The 408' long, 5-masted Preussen (Prussian) was the largest ship without auxiliary engines ever to sail. The steel-hulled Preussen displaced 5,081 tons and was launched in 1902 at Geestemünde, Germany. She was built for the nitrate trade between Europe and Chile, and carried up to 8,000 tons of bulk cargo. Known for her speed (in one eleven-day period she reeled off 3,019 miles, an average speed of over 11 knots), Preussen had a 48 man crew and served profitably in Europe/Chile service until she met her end. On November 7, 1910, Preussen rammed the cross-channel steamer SS Brighton. Her bows stove in, Preussen was taken under tow, but her top hamper created so much windage that the tow lines parted, and Preussen met her end on a reef near Dover.

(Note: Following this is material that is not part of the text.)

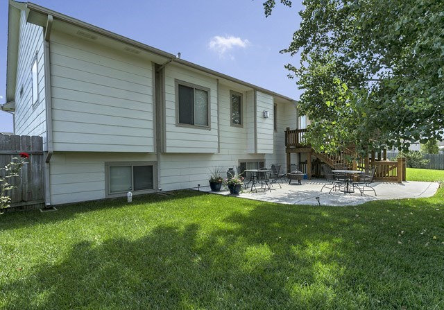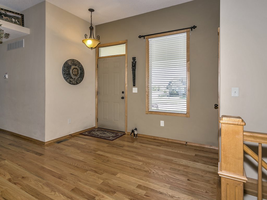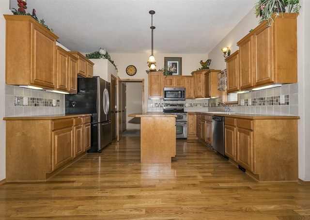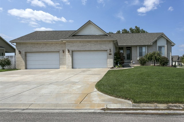 - Description: Located in the Maize South School District, this beautifully maintained custom home boasts an OVERSIZED 4 CAR GARAGE, on short 1/2 Acre fenced lot with MATURE TREES! You'll love the gleaming hardwood floors in Living, dining, kitchen and halls, Spacious Kitchen with Center Isle and maple cabinetry, a lower level family room with walkout to covered patio, wetbar, projection TV, 3rd Bath & Bedroom 4 & 5 each with walk-in closets! Cleaning day is a breeze with the whole house central vac with kick plate dust catcher in the kitchen! Energy conscious buyers will love the Blown in Bat insulation, High Efficiency Heat & Air, double pane windows with Argon gas, and cement fiber siding! Show all description

The impressive 1:48th scale Preussen is on display at the San Francisco Maritime Museum. The model is noteworthy for its extensive detail and dramatic underway presentation. Note the many crewmen depicted at work and play, and the intricate rigging. Interestingly, the builder (I neglected to get his name) used pool cues to fabricate the masts, and manufactured many parts using a lathe built from vacuum cleaner components. The swells lapping against the ship and the non vertical positioning of the model convey motion and, if one tries hard enough, a hint of seasickness. This model rewards study, so take a close look at my photos.